Here is a new patch that can be applied on top of my previous and Alexandru's kevent_qos patches (which are needed for wqthread programs). It includes the following elements (which I didn't know how to breakdown between the different bug reports):
 - GS_CONST fix (as for regular threads)
 - Zero offset for tst->os_state.pthread (as it was the case for 10.6)
 - workq_ops(THREAD_KEVENT_RETURN) now behaves like workq_ops(THREAD_RETURN)
 - kevent_id (syscall:375) and thread_get_special_reply_port (mach:50) implementation (the kevent_id one is copied from Alexandru's kevent_qos)

Note that after all these changes, programs using wqthreads still don't work. Unfortunately, I am running into race conditions with the BigLock: either one thread waiting for the lock to be released or another locking it twice. All these changes are wrapped in #if DARWIN_VERS >= DARWIN_10_13, apart from the THREAD_KEVENT_RETURN change. Last but not least, the patch doesn't worsen the regtest results:

== 655 tests, 321 stderr failures, 74 stdout failures, 8 stderrB failures, 8 stdoutB failures, 31 post failures ==
Comment 8 Rhys Kidd 2018-08-20 03:32:20 UTC
A short update on this bug report.

I've been spending time on Valgrind's macOS threading support, as it's causing a number of bug reports and needs some substantial work.

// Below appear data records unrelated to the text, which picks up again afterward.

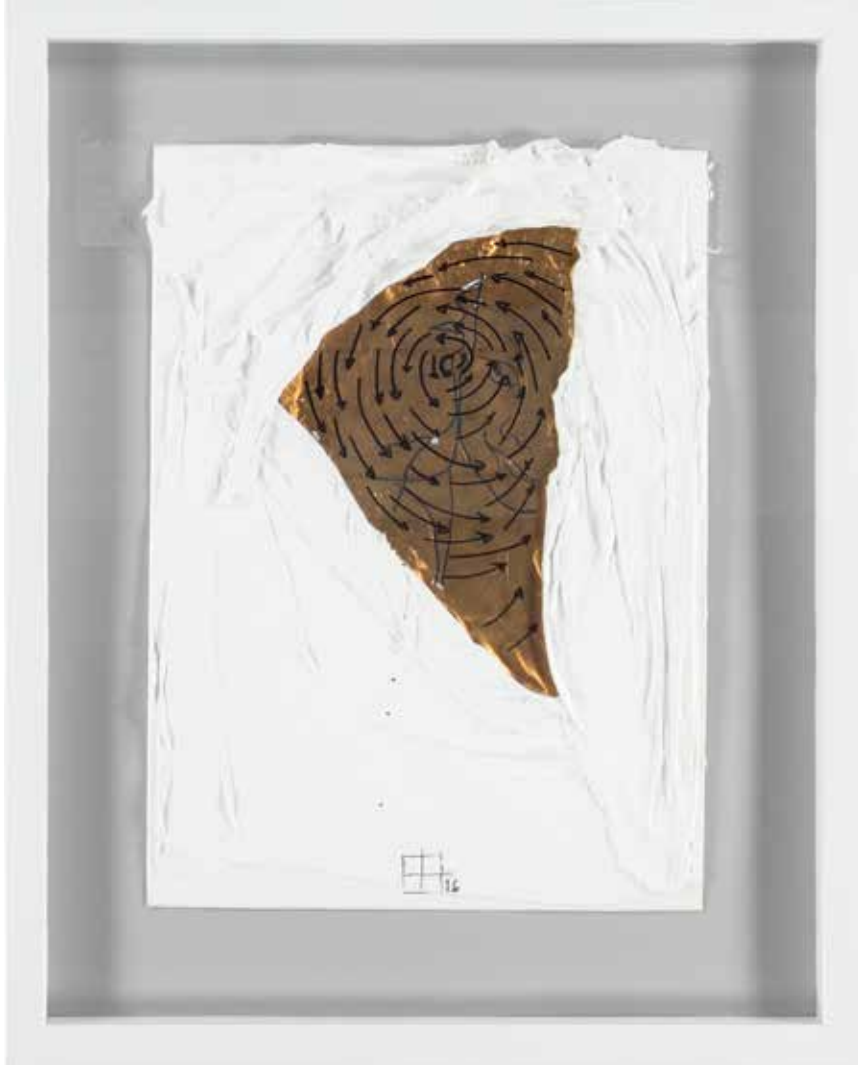
HERŞEY ASLINA RÜCU EDER 41X51 cm, Karışık teknik, 2016
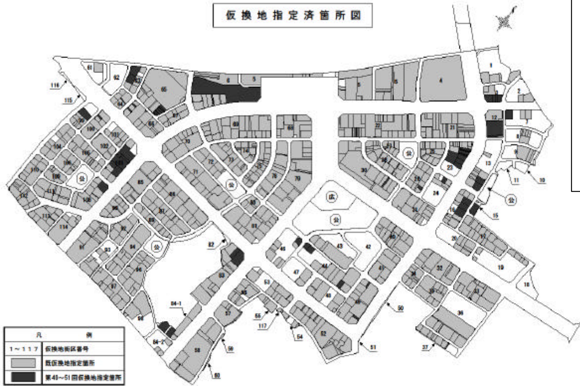
仮換地指定済箇所図
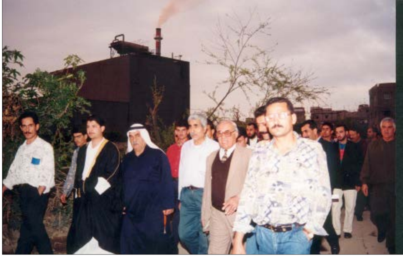
محرقة العمروسيه قبيل احراقها العام 1997 (حبيب معلوف)

لحين إقرار مشروع قانون الإدارة المتكاملة للنفايات الصلبة، والذي يلحظ إنشاء هيئة وطنية لإدارة هذا القطاع تحت وصاية وزير البيئة،
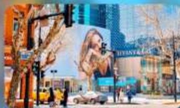
ถนนทวยไห้มิดเคิ้ลโรัด
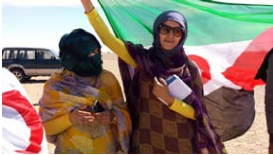
Organisationen Cries against the wall demonstrerar för ett fritt Västsahara.
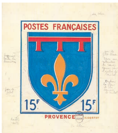
Maquette originale
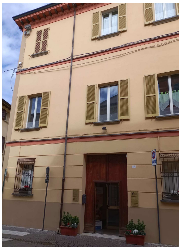
Palazzo Soleri _ Rimini sede della Fondazione San Giuseppe

La Fondazione promuove anche un approccio professionale e moderno nella gestione dei servizi sociali, cercando di ottimizzare le risorse economiche e migliorare la qualità dei servizi offerti. Si propone di coordinare e valorizzare le risorse disponibili a livello locale nel settore educativo, sociale e socio-sanitario, collaborando con i Comuni e altri Enti responsabili dei servizi sociali e sanitari sia locali che a livello nazionale.
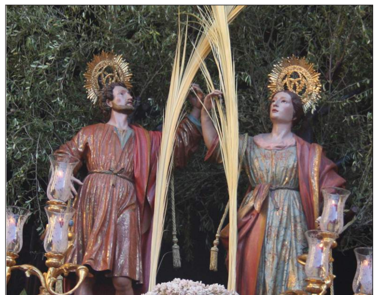
Imagen de la procesión del pasado año.
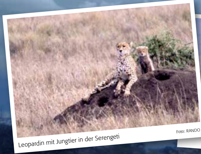
Leopardin mit Jungtier in der Serengeti
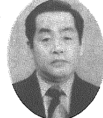
講師 酒井 広氏 (日本テレビアナウンサー)

Additionally, I've started running macOS-based CI runs (see my github branches). Whilst it isn't ready to ship, it's making testing across numerous macOS versions much quicker.

Louis: I am seeing test suite hangs on memcheck/tests/threadname and memcheck/tests/thread_alloca with variants of your patches. Did you ever experience these?
Comment 9 Louis Brunner 2018-08-20 21:02:39 UTC
Rhys: Doesn't ring a bell. I mainly had issues with mcwatchpoints, pselect_alarm and pth_term_signal. Is there anything I can do to help out?